Material for the task:
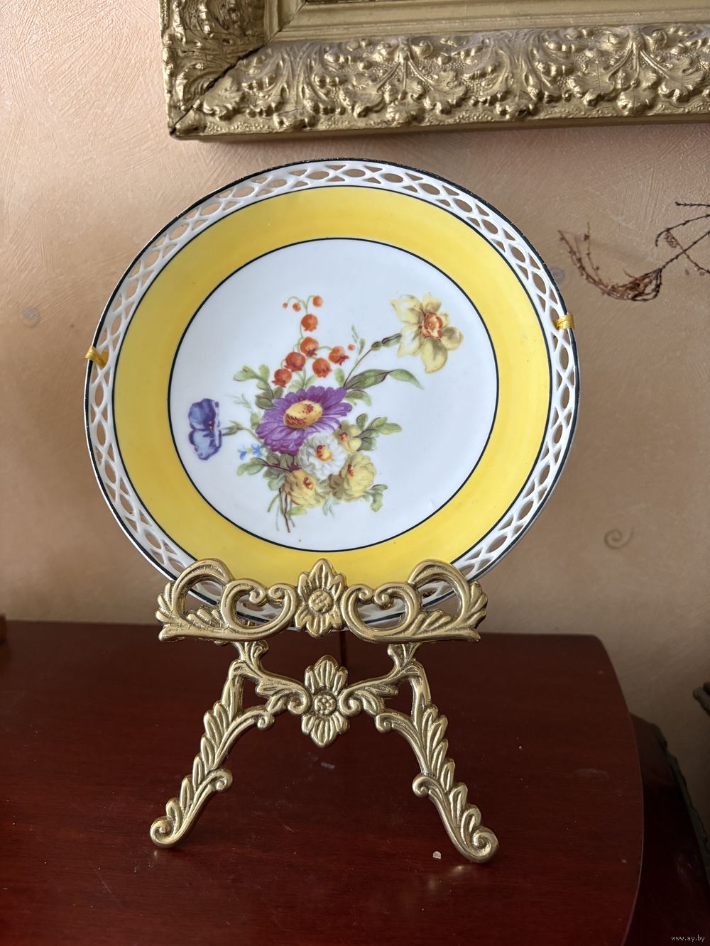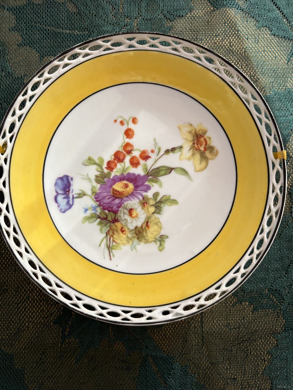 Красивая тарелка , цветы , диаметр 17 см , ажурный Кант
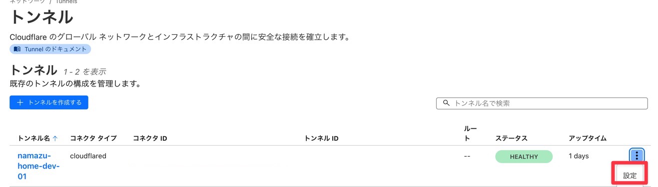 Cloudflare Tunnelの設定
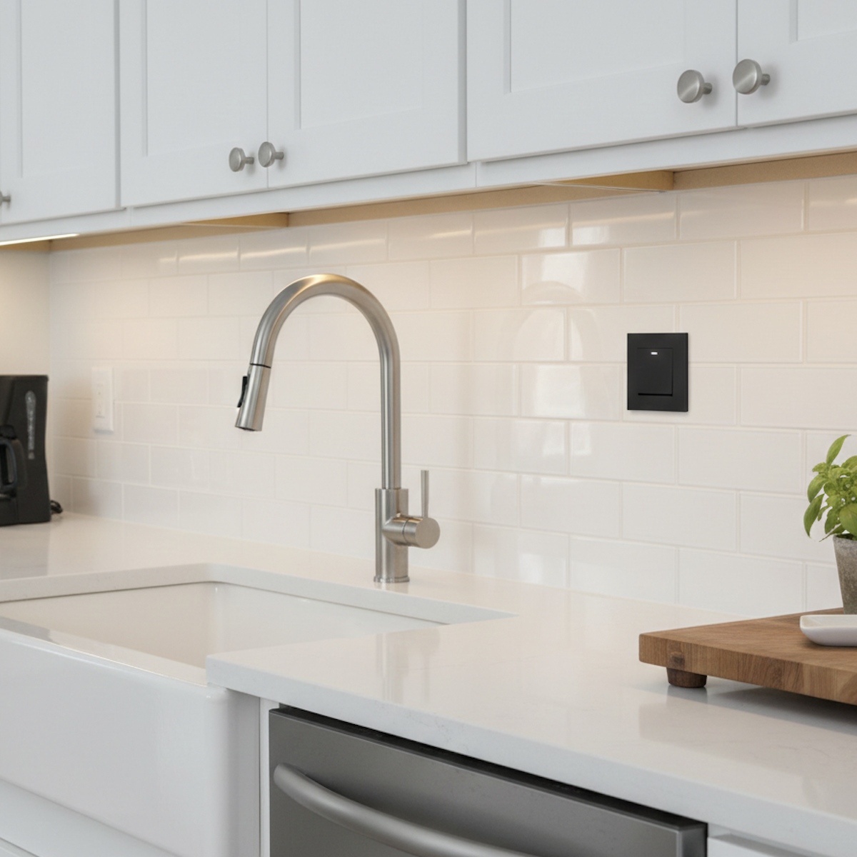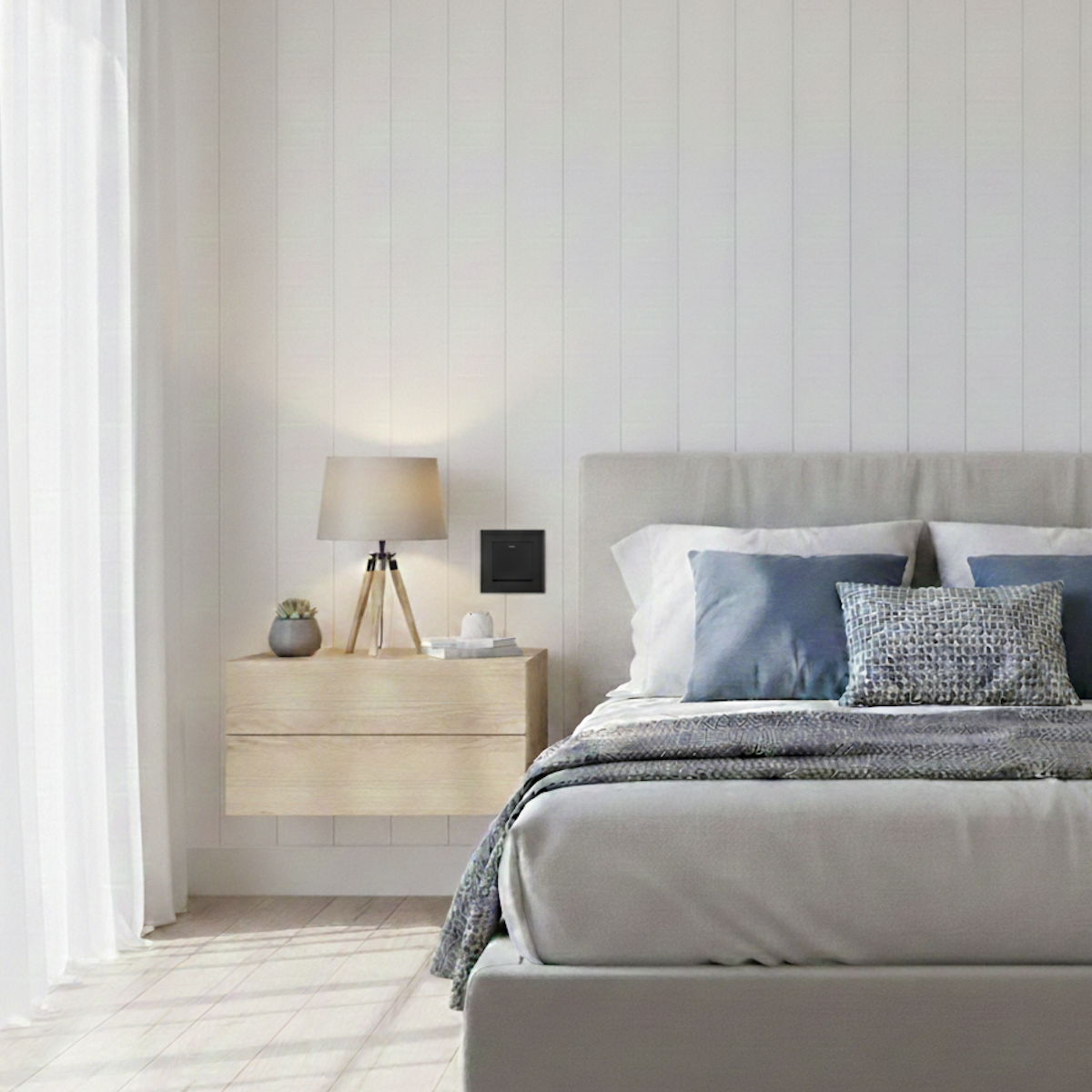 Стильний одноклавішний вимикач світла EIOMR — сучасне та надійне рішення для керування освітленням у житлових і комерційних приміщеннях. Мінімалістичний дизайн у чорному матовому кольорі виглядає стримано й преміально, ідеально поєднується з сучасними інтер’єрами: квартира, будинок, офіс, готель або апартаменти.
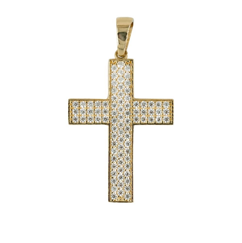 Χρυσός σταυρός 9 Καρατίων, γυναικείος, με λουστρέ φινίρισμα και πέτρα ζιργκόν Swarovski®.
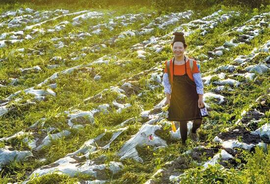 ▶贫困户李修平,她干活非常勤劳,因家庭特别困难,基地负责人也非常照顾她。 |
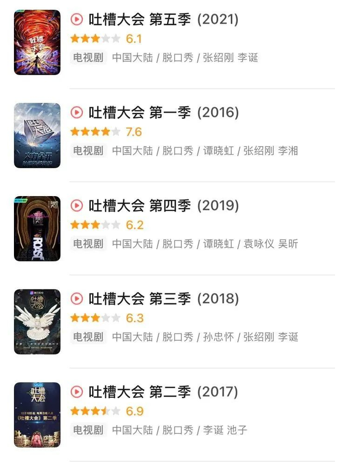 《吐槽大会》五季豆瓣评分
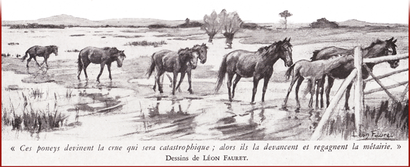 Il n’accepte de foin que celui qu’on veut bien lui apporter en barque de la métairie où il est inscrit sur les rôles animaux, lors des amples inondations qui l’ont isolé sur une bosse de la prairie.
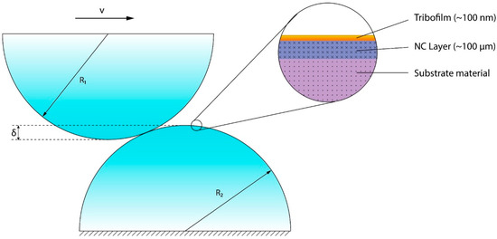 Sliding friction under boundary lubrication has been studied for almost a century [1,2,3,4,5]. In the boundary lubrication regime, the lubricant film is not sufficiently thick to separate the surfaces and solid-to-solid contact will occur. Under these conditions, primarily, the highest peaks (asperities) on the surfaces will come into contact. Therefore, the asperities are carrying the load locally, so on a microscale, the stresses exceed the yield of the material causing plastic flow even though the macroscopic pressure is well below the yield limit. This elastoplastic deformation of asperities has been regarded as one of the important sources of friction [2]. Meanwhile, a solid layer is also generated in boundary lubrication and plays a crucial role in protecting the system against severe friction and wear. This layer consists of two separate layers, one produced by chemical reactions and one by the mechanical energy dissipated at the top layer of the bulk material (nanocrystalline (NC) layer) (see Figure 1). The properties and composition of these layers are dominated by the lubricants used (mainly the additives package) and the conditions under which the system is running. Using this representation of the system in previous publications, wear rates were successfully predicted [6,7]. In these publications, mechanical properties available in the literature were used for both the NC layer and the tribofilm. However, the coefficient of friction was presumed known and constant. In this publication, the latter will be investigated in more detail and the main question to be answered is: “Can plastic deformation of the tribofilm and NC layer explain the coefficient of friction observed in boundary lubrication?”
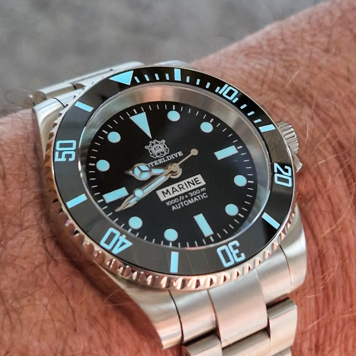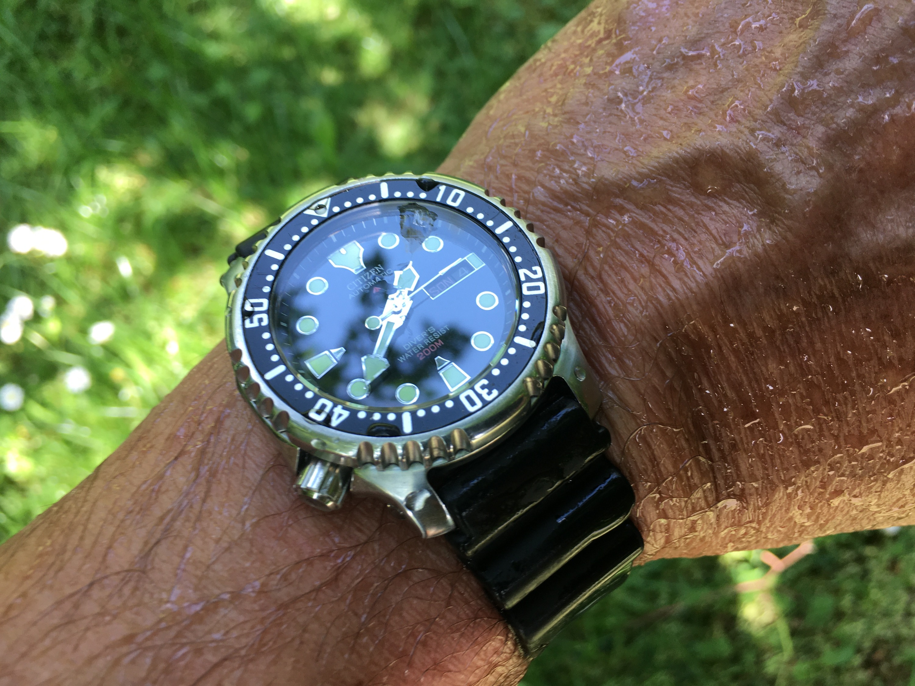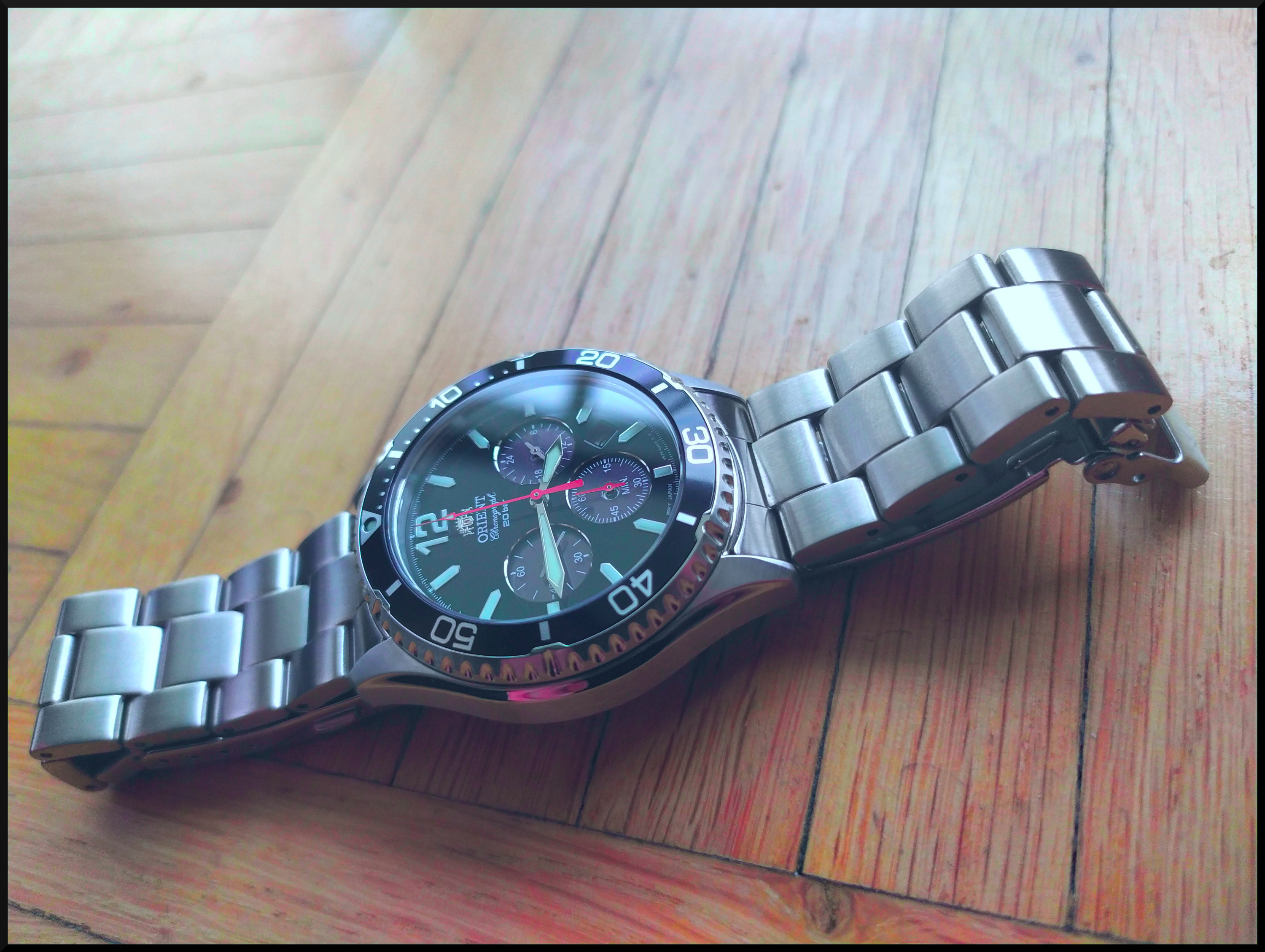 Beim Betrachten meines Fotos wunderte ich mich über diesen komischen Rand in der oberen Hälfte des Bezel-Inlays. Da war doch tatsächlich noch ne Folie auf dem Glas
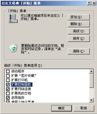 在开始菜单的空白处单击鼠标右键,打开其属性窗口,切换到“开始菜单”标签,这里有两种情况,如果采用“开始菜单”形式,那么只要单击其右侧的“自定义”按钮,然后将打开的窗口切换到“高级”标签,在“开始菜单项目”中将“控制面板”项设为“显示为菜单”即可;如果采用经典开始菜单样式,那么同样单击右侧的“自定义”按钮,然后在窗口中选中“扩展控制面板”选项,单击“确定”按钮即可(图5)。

Task requirements: What is needed is the whole listing again, set down exactly, without its pictures.

Answer to the problem:
 Красивая тарелка , цветы , диаметр 17 см , ажурный Кант
 Cloudflare Tunnelの設定
 Стильний одноклавішний вимикач світла EIOMR — сучасне та надійне рішення для керування освітленням у житлових і комерційних приміщеннях. Мінімалістичний дизайн у чорному матовому кольорі виглядає стримано й преміально, ідеально поєднується з сучасними інтер’єрами: квартира, будинок, офіс, готель або апартаменти.
 Χρυσός σταυρός 9 Καρατίων, γυναικείος, με λουστρέ φινίρισμα και πέτρα ζιργκόν Swarovski®.
 ▶贫困户李修平,她干活非常勤劳,因家庭特别困难,基地负责人也非常照顾她。 |
 《吐槽大会》五季豆瓣评分
 Il n’accepte de foin que celui qu’on veut bien lui apporter en barque de la métairie où il est inscrit sur les rôles animaux, lors des amples inondations qui l’ont isolé sur une bosse de la prairie.
 Sliding friction under boundary lubrication has been studied for almost a century [1,2,3,4,5]. In the boundary lubrication regime, the lubricant film is not sufficiently thick to separate the surfaces and solid-to-solid contact will occur. Under these conditions, primarily, the highest peaks (asperities) on the surfaces will come into contact. Therefore, the asperities are carrying the load locally, so on a microscale, the stresses exceed the yield of the material causing plastic flow even though the macroscopic pressure is well below the yield limit. This elastoplastic deformation of asperities has been regarded as one of the important sources of friction [2]. Meanwhile, a solid layer is also generated in boundary lubrication and plays a crucial role in protecting the system against severe friction and wear. This layer consists of two separate layers, one produced by chemical reactions and one by the mechanical energy dissipated at the top layer of the bulk material (nanocrystalline (NC) layer) (see Figure 1). The properties and composition of these layers are dominated by the lubricants used (mainly the additives package) and the conditions under which the system is running. Using this representation of the system in previous publications, wear rates were successfully predicted [6,7]. In these publications, mechanical properties available in the literature were used for both the NC layer and the tribofilm. However, the coefficient of friction was presumed known and constant. In this publication, the latter will be investigated in more detail and the main question to be answered is: “Can plastic deformation of the tribofilm and NC layer explain the coefficient of friction observed in boundary lubrication?”
 Beim Betrachten meines Fotos wunderte ich mich über diesen komischen Rand in der oberen Hälfte des Bezel-Inlays. Da war doch tatsächlich noch ne Folie auf dem Glas
 在开始菜单的空白处单击鼠标右键,打开其属性窗口,切换到“开始菜单”标签,这里有两种情况,如果采用“开始菜单”形式,那么只要单击其右侧的“自定义”按钮,然后将打开的窗口切换到“高级”标签,在“开始菜单项目”中将“控制面板”项设为“显示为菜单”即可;如果采用经典开始菜单样式,那么同样单击右侧的“自定义”按钮,然后在窗口中选中“扩展控制面板”选项,单击“确定”按钮即可(图5)。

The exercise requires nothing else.